The red fox was discovered by two fishermen as they were hiking up in the mountains, and only reluctantly withdrew from the Arctic fox’s carcass when they arrived.  Red foxes are normally about twice the size of their endangered relative, but are generally slower, particularly over snowy territory.

“This is a unique observation!” Nina Eide, a fox researcher at the Norwegian Institute for Nature Research (NINA), said in a statement. “We know that the red fox and Arctic fox are competitors,and that the red fox can kill the Arctic fox, but it's rare we get it documented.”

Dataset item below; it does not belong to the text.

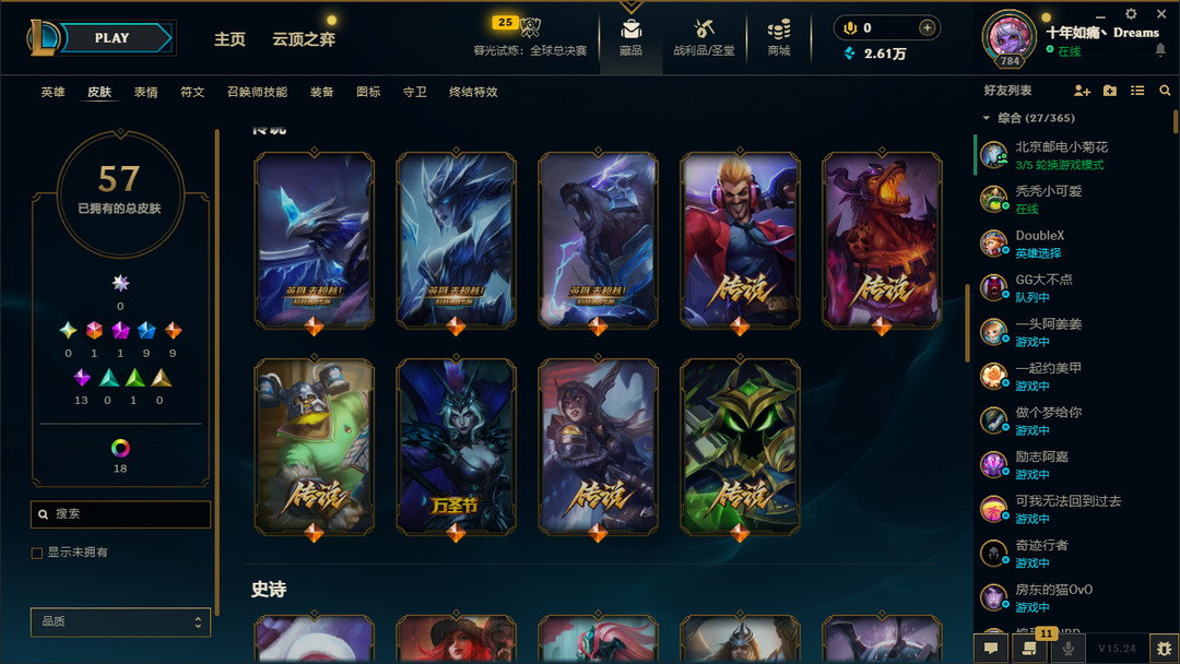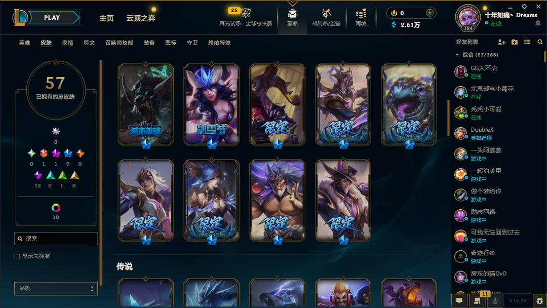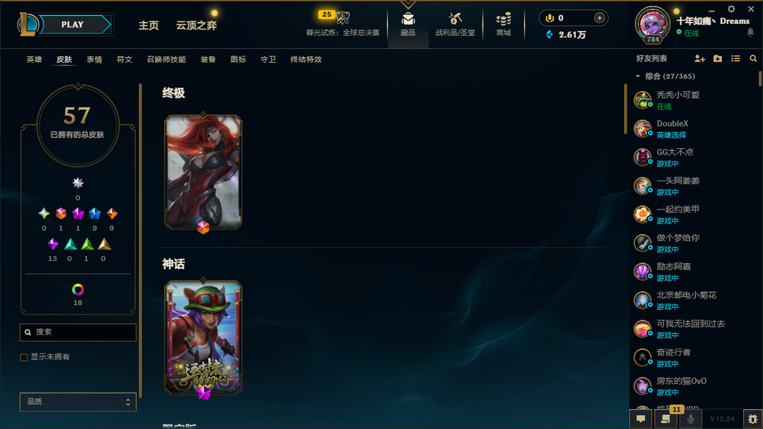 精品皮肤57✅武装战姬厄运小姐杜甫王朝图奇胜利剑圣易胜利女神菲奥娜黯晶凤凰艾维尼亚金牌主播德莱文

According to Eide it is very unusual for animals at the same level in the food chain to prey on one another because of the risk the attacker becomes infected by the parasites of its victim.

“We sometimes find bite marks that looks as if they come from red foxes, but then it is only an assumption that the arctic fox was killed by red foxes,” Eide said.

Eide this week started as manager of Ecofunc, a new research project looking at how climate change and other environmental factors are affecting the biological diversity of mountain regions.

“We shall inter alia examine the interactions between these predators at the top of the food chain. Rare sightings like this are iimportant to collect information about,” she said. 

 

Red foxes are increasingly competing with Arctic foxes in their habitat. Photo: Jan Ove Gjershaug / NINA.